→ WHAT TO WORK ON:
All of the data that follows is to be written out exactly, with images excluded.

→ INPUT DATA:

++++

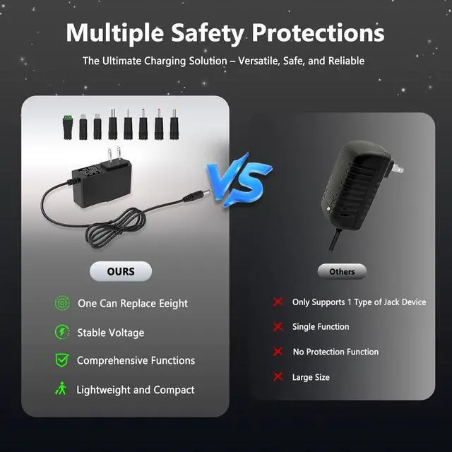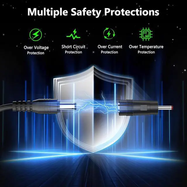 Multiple Protections: With over-current protection to prevent damage caused by over-current over-voltage protection to ensure stable output over-temperature protection to avoid overheating risks. In addition it also includes short-circuit protection which immediately cuts off the power supply in case of failure to prevent voltage spikes.
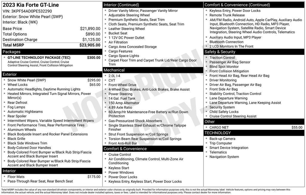 2023 Kia Forte GT-Line Snow White Pearl 2.0L I4 MPI FWD
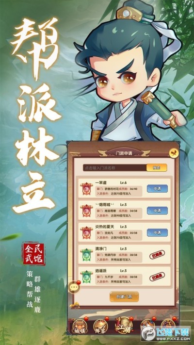 4、建立帮派,在这里面玩家还可实时的啦建立各种帮派,可很好的通过咱们的游戏来征战武侠的世界。
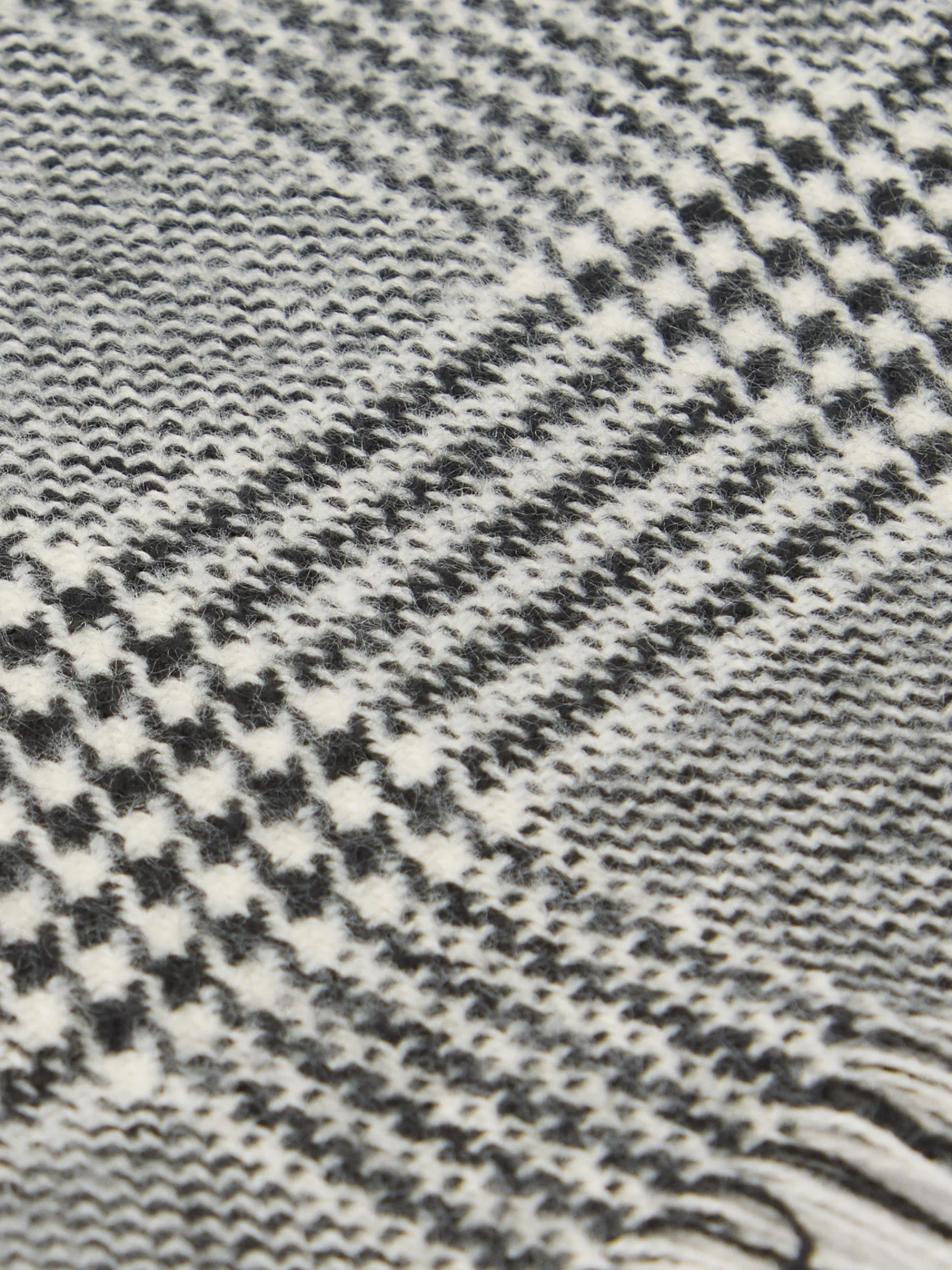 Bufandas con diseño de cuadros confeccionada en 100% acrílico. Terminación de flecos decorativos y tacto suave.

++++

→ SOLUTION:
 Multiple Protections: With over-current protection to prevent damage caused by over-current over-voltage protection to ensure stable output over-temperature protection to avoid overheating risks. In addition it also includes short-circuit protection which immediately cuts off the power supply in case of failure to prevent voltage spikes.
 2023 Kia Forte GT-Line Snow White Pearl 2.0L I4 MPI FWD
 4、建立帮派,在这里面玩家还可实时的啦建立各种帮派,可很好的通过咱们的游戏来征战武侠的世界。
 Bufandas con diseño de cuadros confeccionada en 100% acrílico. Terminación de flecos decorativos y tacto suave.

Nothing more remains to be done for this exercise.